## Work item
Begin your copy at the line with "2025新澳門天天精準(zh" in the records below and end it at the line with "ご飯 牛乳 さけバターしょうゆ漬け 豆入りツナサラダ ニラのみそ汁", restating each line word for word; omit the pictures.

## Material for this task

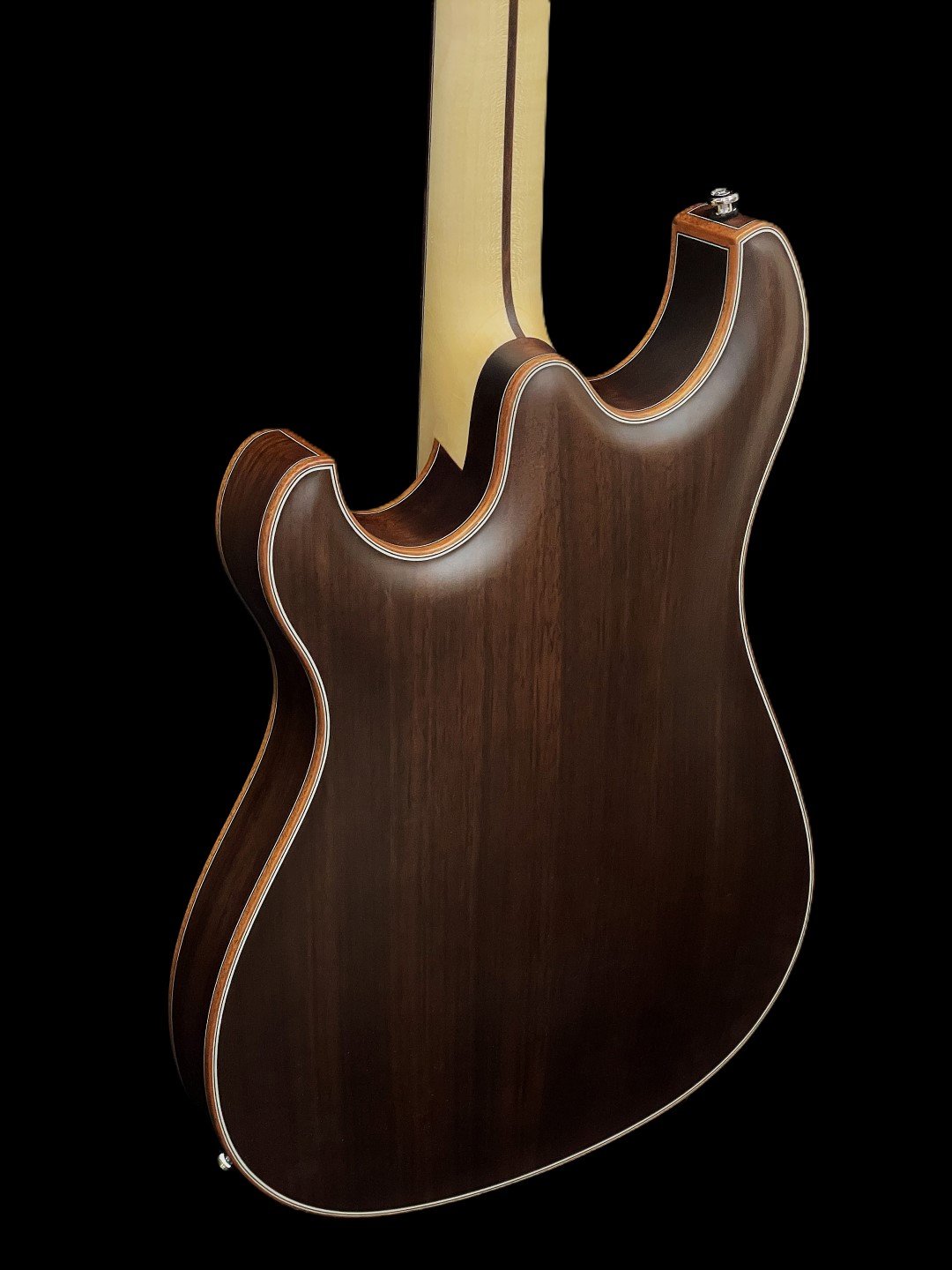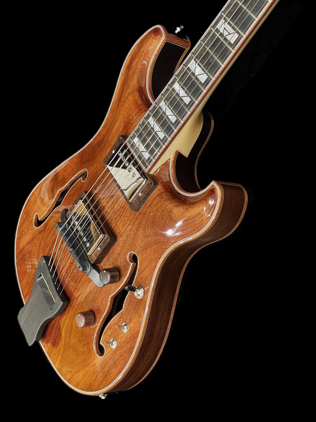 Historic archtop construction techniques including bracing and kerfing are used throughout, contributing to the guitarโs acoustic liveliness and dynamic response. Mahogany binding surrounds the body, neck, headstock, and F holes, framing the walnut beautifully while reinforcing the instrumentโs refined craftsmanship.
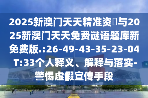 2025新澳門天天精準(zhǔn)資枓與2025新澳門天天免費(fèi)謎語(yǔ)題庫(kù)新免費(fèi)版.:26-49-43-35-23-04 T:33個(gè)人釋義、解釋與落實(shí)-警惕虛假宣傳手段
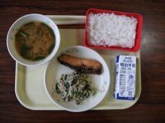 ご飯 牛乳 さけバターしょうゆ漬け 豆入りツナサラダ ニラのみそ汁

---

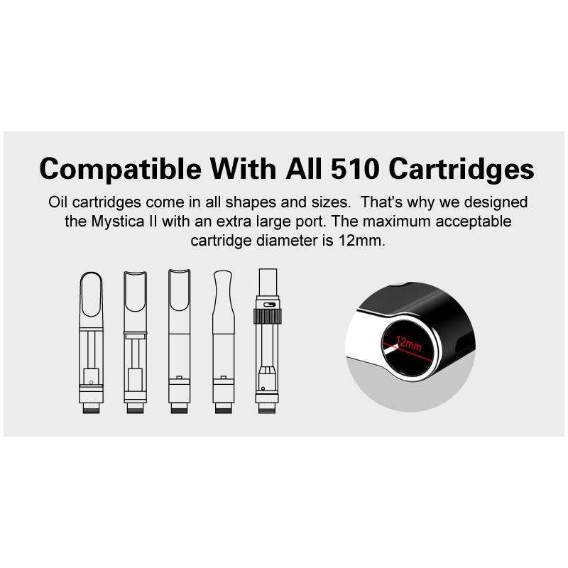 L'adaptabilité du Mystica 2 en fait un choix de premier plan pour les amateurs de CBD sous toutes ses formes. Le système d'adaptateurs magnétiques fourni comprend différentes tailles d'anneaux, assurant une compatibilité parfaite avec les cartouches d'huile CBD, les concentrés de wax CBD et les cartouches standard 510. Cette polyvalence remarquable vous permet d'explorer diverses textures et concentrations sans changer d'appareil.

## Result of this exercise
 2025新澳門天天精準(zhǔn)資枓與2025新澳門天天免費(fèi)謎語(yǔ)題庫(kù)新免費(fèi)版.:26-49-43-35-23-04 T:33個(gè)人釋義、解釋與落實(shí)-警惕虛假宣傳手段
 ご飯 牛乳 さけバターしょうゆ漬け 豆入りツナサラダ ニラのみそ汁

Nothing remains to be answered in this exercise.